D’autre part, ça serait superflu de mentionner le poids économique de la Chine en tant que le partenaire privilégié de l’UE. Les efforts de l’UE des dix dernières années visaient d’établir un dialogue continu, y compris les négociations économiques mais aussi un sort de monitoring sur la situation avec les droits de l’homme. Malgré les multiples interventions du Parlement européen condamnant les violations des droits de l’homme en Chine, il est évident que l’influence européenne est encore très limitée sur ce sujet.
Boycott des Jeux ? Les pro et les contre.
La pression de la part de l’opinion publique pour un geste symbolique contre le Gouvernement chinois est assez forte. Après les démonstrations qui ont eu lieu à Paris lors du passage de la Flamme Olympique, le président Sarkozy a évalué l’option d’abstention à la Cérémonie d’ouverture comme étant possible. L’impact d’une telle décision pourrait être d’autant plus important que la France présidera l’UE pendant les JO de Pékin. Le problème est que toute action unilatérale de la part d’un état membre servirait à démontrer encore une fois l’incapacité de l’UE de s’exprimer d’une manière cohérente sur sa politique étrangère.

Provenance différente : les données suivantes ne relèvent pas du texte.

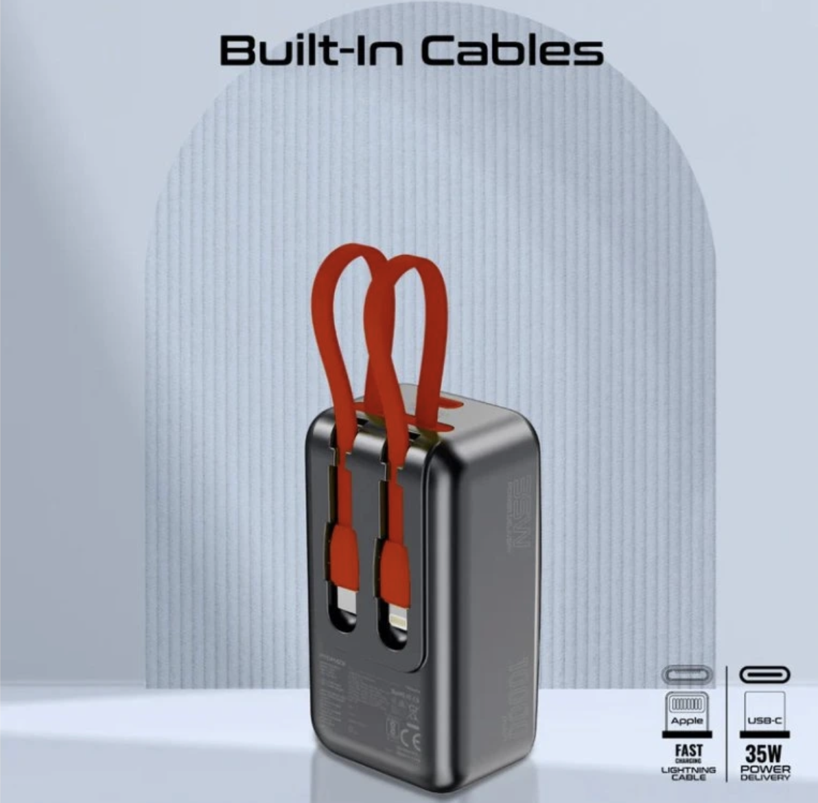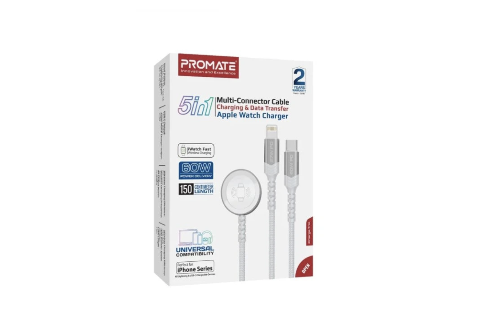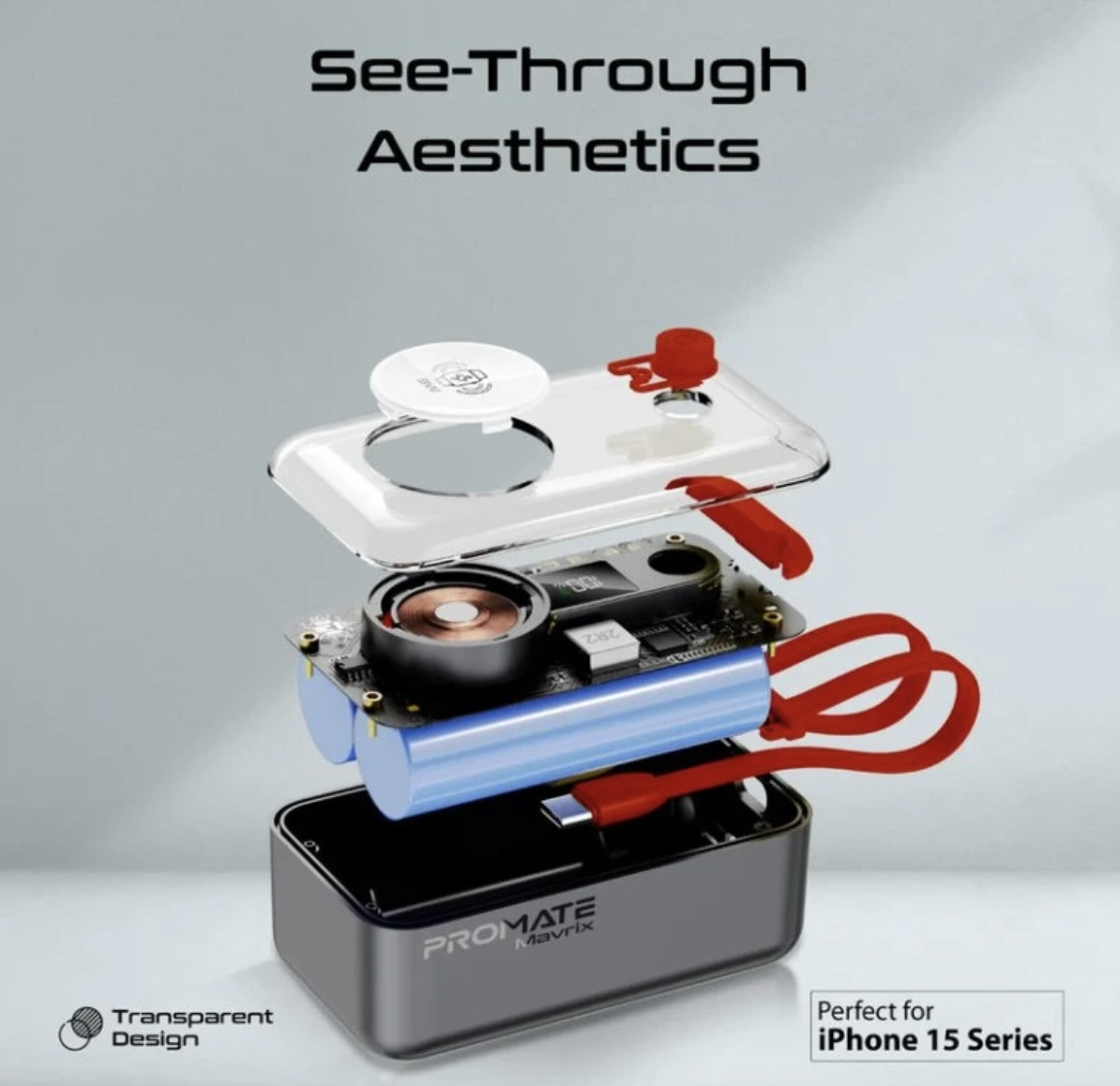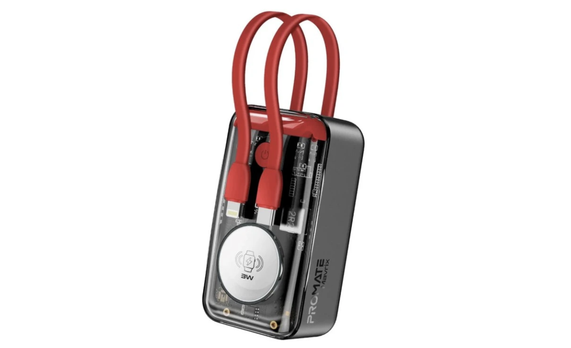 1. PROMATE Mavrix – průhledná powerbanka s kabely a nabíjením Apple Watch

Pendant sa visite en Chine le 25 avril, le Président de la Commission européenne José Manuel Barroso a rassuré le Premier Ministre Chinois Wen Jiabao que le boycotte ne serait pas promu collectivement par l’UE. Deuxièmement, même si un boycotte Européen serait envisageable il n’est pas sûr que ça serait la meilleure stratégie. La Chine, quoi qu’on en dise, n’est pas la Corée du Nord : ce n’est pas un acteur mineur de la communauté internationale, et surtout ce n’est pas un qui pourrait être intimidé par une politique « dénonciation et blâme (discréditation – je ne suis pas sûr) », ou qui pourrait être condamné à une isolation économique et politique. C’est claire que le Gouvernement chinois n’est pas particulièrement disposé aujourd’hui de se montrer faible devant sa propre opinion publique, et n’acceptera pas facilement une leçon de bonnes manières de la part de ses partenaires européens. Une humiliation des sentiments nationaux n’est jamais une bonne stratégie dans la diplomatie internationale.

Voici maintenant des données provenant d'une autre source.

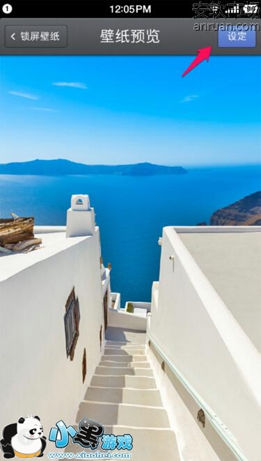 5、选择好锁屏壁纸以后,点击该主题就可以预览了,然后再点击该主题右上角的设定按钮就可以换掉当前的桌面主题了,如下图。
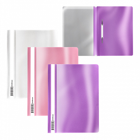 Папка-скоросшиватель формата А4 из высококачественного пластика с текстурой поверхности "зеркало". Предназначена для быстрого сшивания, хранения и просмотра документов. Цвет папки – ассорти: белый, розовый, фиолетовый. Механизм - механический скоросшиватель… |

Les manifestations qui ont suivi après les événements au Tibet représentent un signal fort de la conscience des européens par rapport aux respect des droits de l’homme : rien dans cet article ne devrait être perçu comme critique de l’exercice positif de la démocratie. Ce qui est très regrettable c’est l’absence d’une structure politique au sein de l’UE capable d’exercer un pouvoir de négociation à long terme sur la scène internationale. Malheureusement, pour l’instant il n’y a pas d’intervention de dernière minute ou une action symbolique qui pourrait se substituer à une stratégie stable et bien –réfléchie à long terme.

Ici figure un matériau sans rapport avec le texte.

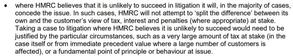 In other words, there are circumstances where HMRC will take a case to litigation even where it believes it is unlikely to succeed.

Dans un monde idéal une UE forte pourrait appliquer une influence discrète, mais continue sur le Gouvernement chinois, en négociant des améliorations dans le domaine des droits de l’homme et de libertés fondamentales avec les moyens diplomatiques. Mais soyons francs avec nous-même : politiquement, l’UE n’est pas une superpuissance, et elle ne ferait peur même aux pays plus petits que la Chine. Dans ce monde, l’issue le plus probable c’est la frustration.